What section 106 obligations can require — affordable housing and infrastructure
Under TCPA 1990 s.106, a planning obligation can restrict land use, require specified operations or activities, require land to be used in a specified way, or require payments to the LPA. The affordable housing obligation is the most financially significant: LPAs require 20-40% of new residential units to be affordable (affordable rent; shared ownership; First Homes), triggered above a minimum site threshold (typically 10+ units urban, 5+ rural). Delivery is either on-site (to a Registered Provider at practical completion) or as a financial contribution in lieu. Infrastructure obligations commonly include education, highways, open space, ecological mitigation (biodiversity net gain — Environment Act 2021), healthcare, and transport contributions.

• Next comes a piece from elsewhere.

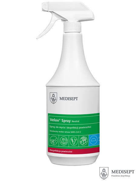 Spray do mycia i dezynfekcji powierzchni, Velox® Spray.- nie pozostawia smug i zacieków- działa już w 15 sek. na grzyby i 30 sek. na bakterie, prątki gruźlicy, wirusy (w tym Rota, Noro)- zarejestrowany jako wyrób medyczny i produkt biobójczy- gwarantuje wysoką redukcję ryzyka zakażenia- polecany do mycia i dezynfekcji małych powierzchni sprzętu medycznego: łóżek i foteli zabiegowych, aparatury medycznej i operacyjnej, sprzętu rehabilitacyjnego oraz wycisków stomatologicznych- uniwersalny - sprawdzi się do wszelkich powierzchni pozamedycznych np. w gastronomii, fryzjerstwie oraz do powierzchni mających kontakt z żywnością- dostępne rodzaje: U - neutralny, T - tea tonic- pojemność: 1 l, 5 l

CIL (Community Infrastructure Levy) — fixed levy, Regulation 122 and Scotland
CIL (Planning Act 2008; CIL Regulations 2010) is a separate fixed levy charged per square metre of net new floorspace at a rate set in the LPA's CIL Charging Schedule — it is not negotiated. CIL Regulation 122: s.106 obligations cannot duplicate CIL-funded infrastructure. CIL reliefs: social housing relief; charitable relief; self-build exemption. Not all LPAs have adopted a CIL Charging Schedule — where no CIL applies, LPAs rely more heavily on s.106. Scotland: CIL has not been introduced in Scotland; s.75 agreements (TCPA(Scotland) 1997 s.75) are the equivalent planning obligation mechanism.
Viability assessments, binding on successors and modification
Where cumulative s.106 obligations make development financially unviable (residual land value falls below the benchmark land value), the developer can commission a viability assessment to challenge the requirements — NPPF (2021) para 57 requires LPAs to consider viability. Every s.106 obligation is registered as a local land charge (Local Land Charges Act 1975), discoverable on LLC1/CON29 local authority searches — all successors in title are bound. Modification/discharge under s.106A TCPA 1990 is available after 5 years; LPA has 8 weeks to decide; appeal to Planning Inspectorate if refused. Scotland: s.75A TCPA(Scotland) 1997 governs modification and discharge.